From the line containing "Chicos Oriental Print" to the line containing "지난 15일 여수시와" in the records below, set down every line exactly as it stands, both ends included, and skip the pictures.

_ _ _

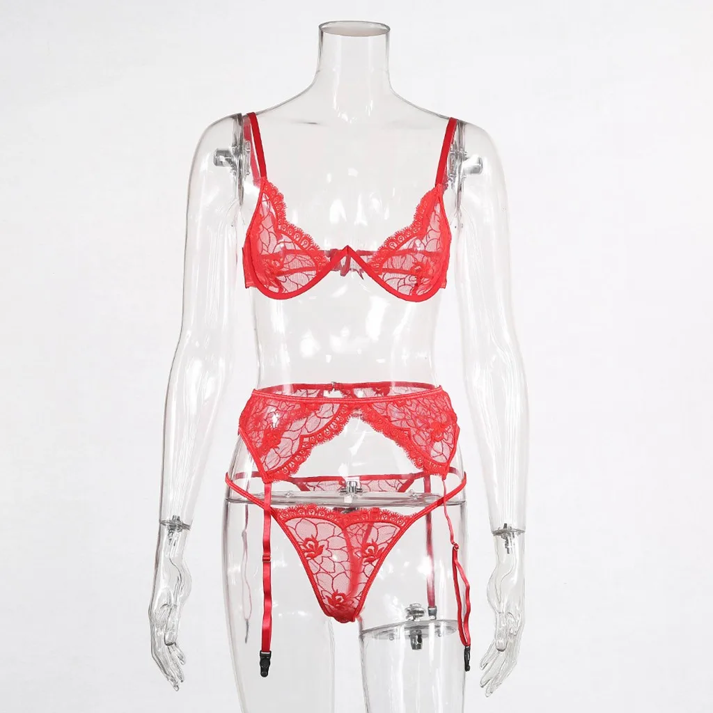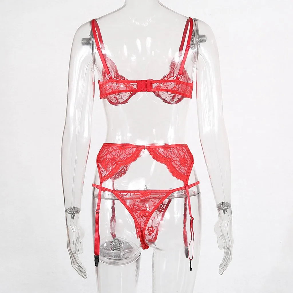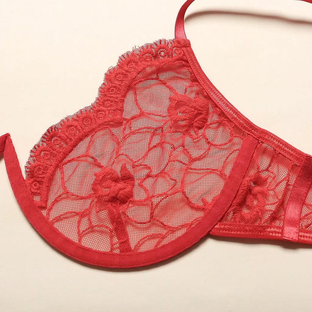 Сексуальное женское нижнее белье с цветочным кружевом, сексуальное нижнее белье, бюстгальтер и стринги, Комплект подвязок, нижнее белье для женщин
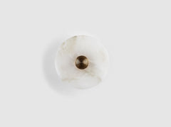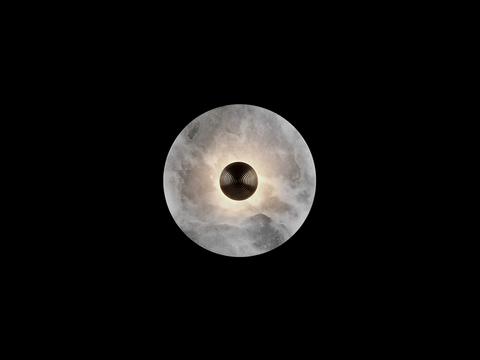 The translucent alabaster planes of the Median Series are intersected by a fluted brass form, referencing traditional Middle Eastern jewelry while pushing it through a futurist lens. The stone glows from a light source that remains hidden, illuminating the relationship between the solid and the permeable.
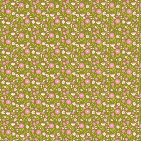 • (Side A -whimsical, spring-themed illustration collage featuring a soft pastel palette of greens, pinks, and yellows. It consists of various decorative squares and rectangles depicting garden and nature motifs, including garden gnomes, birdhouses, snails, frogs, and a greenhouse filled with plants. Interspersed among these illustrations are charming phrases like "Pure Sunshine," "Bloom & Grow," and "Hello Spring," along with icons of tea, rain boots, and blooming flowers. Side B - a dense, seamless floral pattern set against a muted olive-green background. The design consists of a variety of small, stylized flowers in shades of pink, white, and pale yellow, including daisy-like blooms and upright tulips. Scattered green leaves and tiny blossoms fill the spaces between the larger flowers, creating a vibrant and cohesive meadow-inspired aesthetic)*
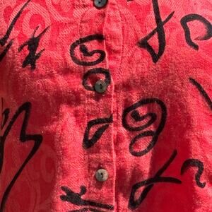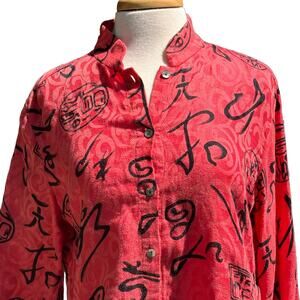 Chicos Oriental Print Short Jacket Top Blouse Womans 8/10 Linen Cotton Blend
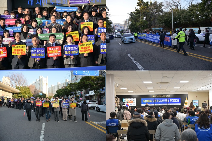 지난 15일 여수시와 시의회, 시민사회단체로 구성된 범대위는 시의회 청사 1층 공감 뜨락에서 '여수MBC 지키기 대시민 토론회 및 결의대회'를 열었다. 이날 행사에는 정기명 시장과 백인숙 의장, 시민 등 300여 명이 함께했다.
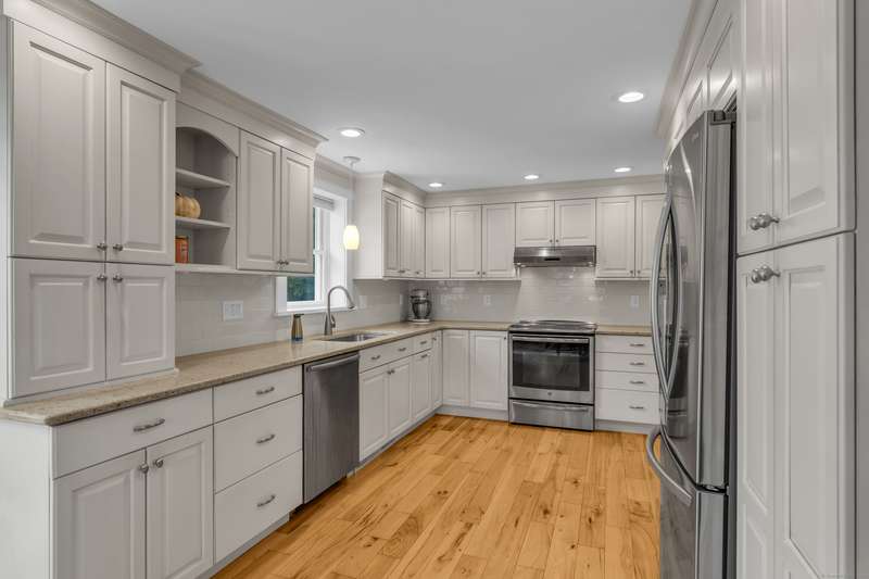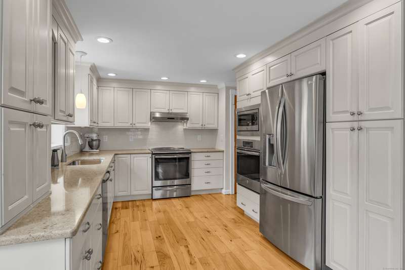This beautifully maintained 3-bedroom, 2-bath split-level offers style, comfort, and plenty of space inside and out. The inviting living room features a cozy pellet stove and hardwood floors that flow throughout. The heart of the home is the fully updated kitchen, complete with stainless steel appliances, an induction cooktop, and sleek quartz countertops-perfect for everyday living and entertaining. Step outside to your own backyard retreat with an above-ground pool and expansive multi-level deck, ideal for summer fun. The lower level offers a full bath, mudroom, and direct access to the attached 2-car garage, adding both convenience and functionality. Even better-roof and septic system were replaced in 2021, giving you peace of mind for years to come.
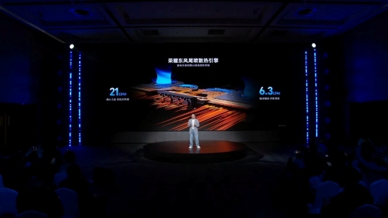 作為本次溝通會(huì)的核心產(chǎn)品,榮耀 WIN 游戲本直擊傳統(tǒng)游戲本散熱不足、噪音偏大、性能釋放受限等行業(yè)頑疾,帶來(lái)顛覆性散熱方案。該產(chǎn)品業(yè)界首發(fā) “2 離心主扇 + 4 軸流輔扇” 東風(fēng)尾噴散熱引擎,在 21mm 超薄機(jī)身內(nèi)搭建高效散熱架構(gòu),徹底打破傳統(tǒng)內(nèi)吹散熱局限。榮耀實(shí)現(xiàn)風(fēng)扇馬達(dá)小型化突破,馬達(dá)尺寸縮至 10mm,轉(zhuǎn)速穩(wěn)定超 20000RPM;同時(shí)將桌面電競(jìng)級(jí) 120×120×20mm 軸流風(fēng)扇壓縮至 21×21×7mm,配合全新散熱引擎,整機(jī)風(fēng)量較傳統(tǒng)方案提升 10%,綜合整機(jī)功耗收益達(dá) 20W。在 RTX 5070Ti 顯卡配置下,該游戲本可實(shí)現(xiàn)至高 270W 滿血功率釋放,保障大型 3A 游戲長(zhǎng)時(shí)間穩(wěn)定運(yùn)行,告別卡頓與發(fā)燙問(wèn)題。
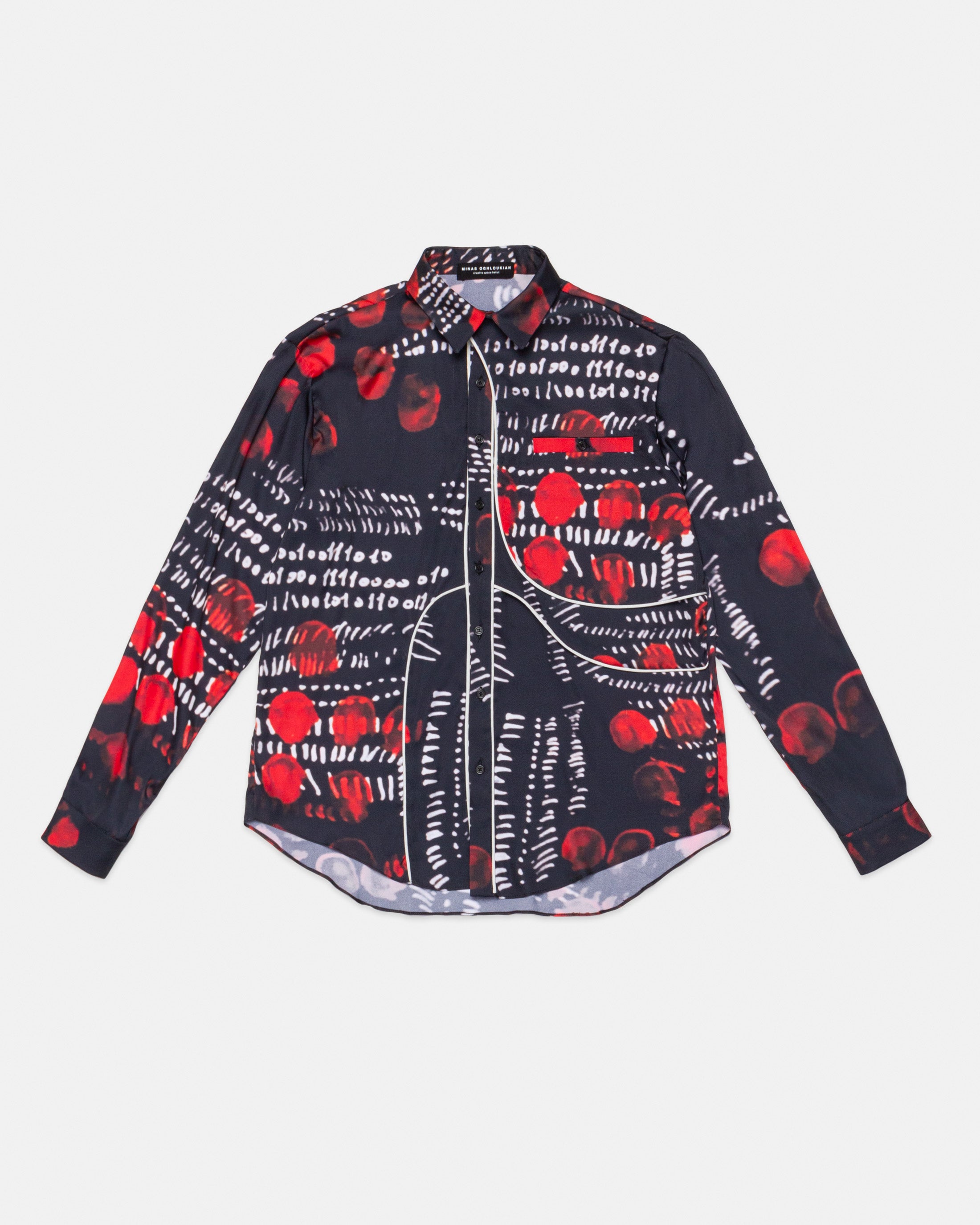 Digitally printed satin shirt featuring a gun flap, welt pocket and white piping.
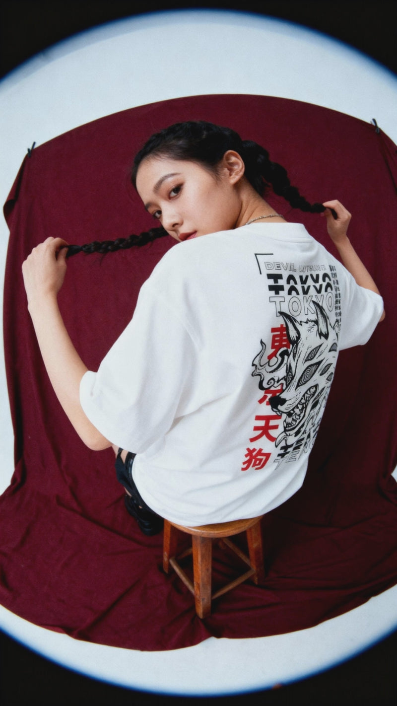 Accompanied by the embroidered phrase "Kon" in Japanese, this tee explores the weight of words that summon devils.
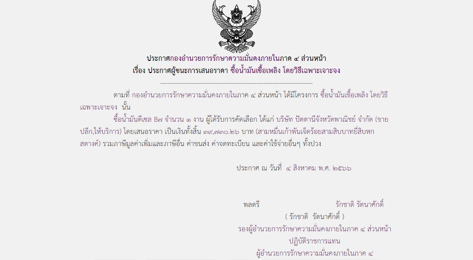 ประกาศผู้ชนะการเสนอราคา ซื้อน้ำมันเชื้อเพลิง โดยวิธีเฉพาะเจาะจง

_ _ _

* Finished task *
 Chicos Oriental Print Short Jacket Top Blouse Womans 8/10 Linen Cotton Blend
 지난 15일 여수시와 시의회, 시민사회단체로 구성된 범대위는 시의회 청사 1층 공감 뜨락에서 '여수MBC 지키기 대시민 토론회 및 결의대회'를 열었다. 이날 행사에는 정기명 시장과 백인숙 의장, 시민 등 300여 명이 함께했다.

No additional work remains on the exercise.